Jide: In June 2020, my friend, Bisola, said she had a sister she thought I’d get along with. They were part of a sisterhood of five friends who met each other in their first year of university and have been friends since. She shared the girl’s handle, so I went through her Twitter and found pictures from some hangout she’d had sometime before the lockdown. She looked really nice so I followed her. 

Fiyin: Bisola already told me he’d text so it wasn’t a surprise when he did. He seemed very comfortable from the first text. It wasn’t awkward, and I didn’t have to do too much to carry the conversation because he always had something to say that I could respond to and build on. It was a relief for me.

Gist me. What did you two talk about that first day?

Fiyin: It was just getting-to-know-you topics. Family, school, age, life, etc. 

Jide: We took a bunch of personality tests together. The funny thing was we kept getting very similar results even though our personalities seemed different. For example, I’m more social than she is. She has crazy social anxiety, so she hated calls, especially video calls. Those had to be scheduled ahead cos she had to mentally prepare. 

Fiyin: Then, we saw each other for the first time. 

Tell me about it 

Fiyin: It was sometime in August 2021. We had planned to hang out the next day but I was on the island with my friends, so he came by on his way home from work to say hi. 

Jide: I wanted to break the ice before our first date. I was really excited and was even counting down. I was also anxious as hell. I smoked and drank beforehand, to reduce my nerves. When I saw her, it was nice. She looked beautiful. We hugged and just kept talking like we had known each other for ages.

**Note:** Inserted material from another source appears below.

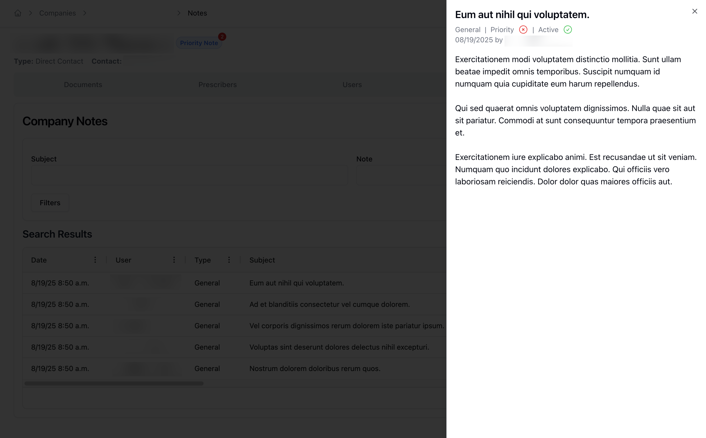 Clicking the actions menu ( ⠇) to the right of each note allows you to View the note, opening the note in a dynamic sidebar on the page. This view includes:

Fiyin: I was really nervous. Meeting people for the first time or even after a long while does that to me — I would rather just text — but this was good. We were both nervous so it made me a little comfortable. We were just smiling throughout; it was funny and a little awkward. But I wasn’t as nervous when we saw the next day. After that, we kept talking on the phone and saw each other a couple of times until December when we parted ways.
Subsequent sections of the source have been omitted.